I think we're going to stick with the euro spelling of moulding rather than molding for now (at least for this post), though we're decided flip-floppers on this.
A little while ago we filled you in on the progress we've been making on the master bathroom beadboard wainscoting. I can't tell you how great it felt to get it up on the wall, and how much it made us feel like we were finally moving in our long overdue bathroom work. The vertical beadboard pattern along with the horizontal bullnose ledge we placed as a wainscoting cap work wonderfully together to dress up the space and add some great visual interest.
However, as great as it felt to be moving forward, I knew there was still some major work to be done before we could call it complete. More specifically, we needed to add a moulding detail of some sort to make the transition between the bullnose cap and the beadboard look more fluid.
A while back someone wrote us inquiring about our process for working with trim moulding. He was referencing the wainscoting I had done in the guest bathroom and stairs and said that it seemed that moulding "spoke to" me.

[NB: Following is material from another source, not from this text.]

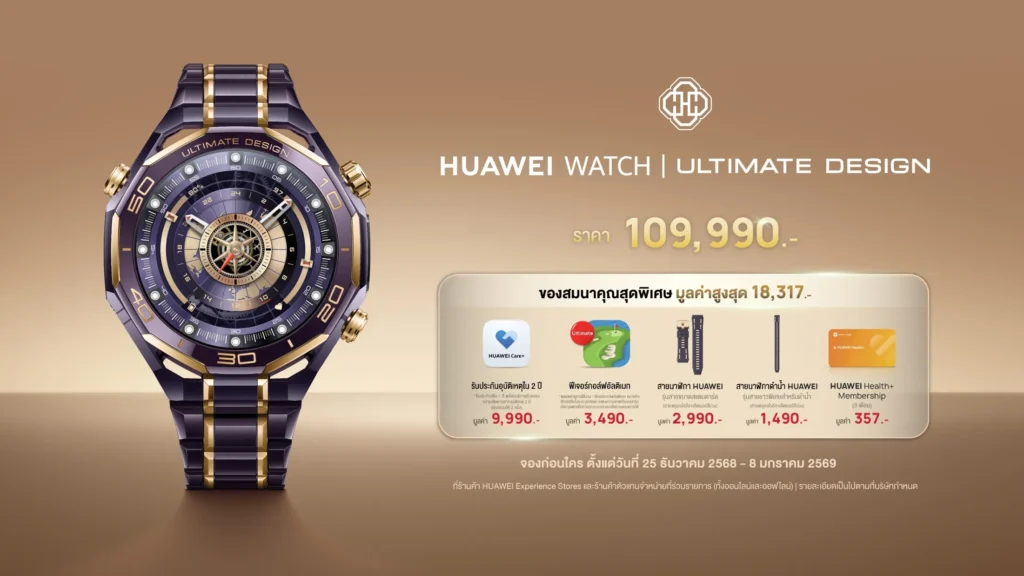 เมื่อสั่งจองตั้งแต่วันที่ 25 ธันวาคม 2568 ถึงวันที่ 8 มกราคม 2569 ผ่านหน้าร้าน HUAWEI Experience Store และตัวแทนจำหน่ายที่ร่วมรายการ รวมถึงร้านค้าอย่างเป็นทางการบนช่องทางออนไลน์ทั้ง HUAWEI Store, Lazada, Shopee และ TikTok Shop

I had never heard it quite put that way, but in a way, he is right.
I don't know what it is, but after years of staring at moulding catalogs, woodworking websites and magazines, and the detail work in various open houses and museums, I've begun to really develop an appreciation for a well executed combination of profiles to delivery a visually pleasing end result. I think a lot of it actually came from watching old episodes of the New Yankee Workshop.
Now I can look at a moulding profile and know how to combine that profile with other profiles to give a detailed and unique look to a standard piece of moulding. Wouldn't you know it, we had to do this very thing when dealing with our bathroom beadboard wainscoting project.
When we installed the beadboard and bullnose I left a rather large overhang of about an inch and a half. I had always intended to do a multi piece moulding detail below this to help the transition from bullnose to wall. It's more a personal preference than anything, but both Wendy and I really like this type of look. But the question was, what sort of moulding would we use?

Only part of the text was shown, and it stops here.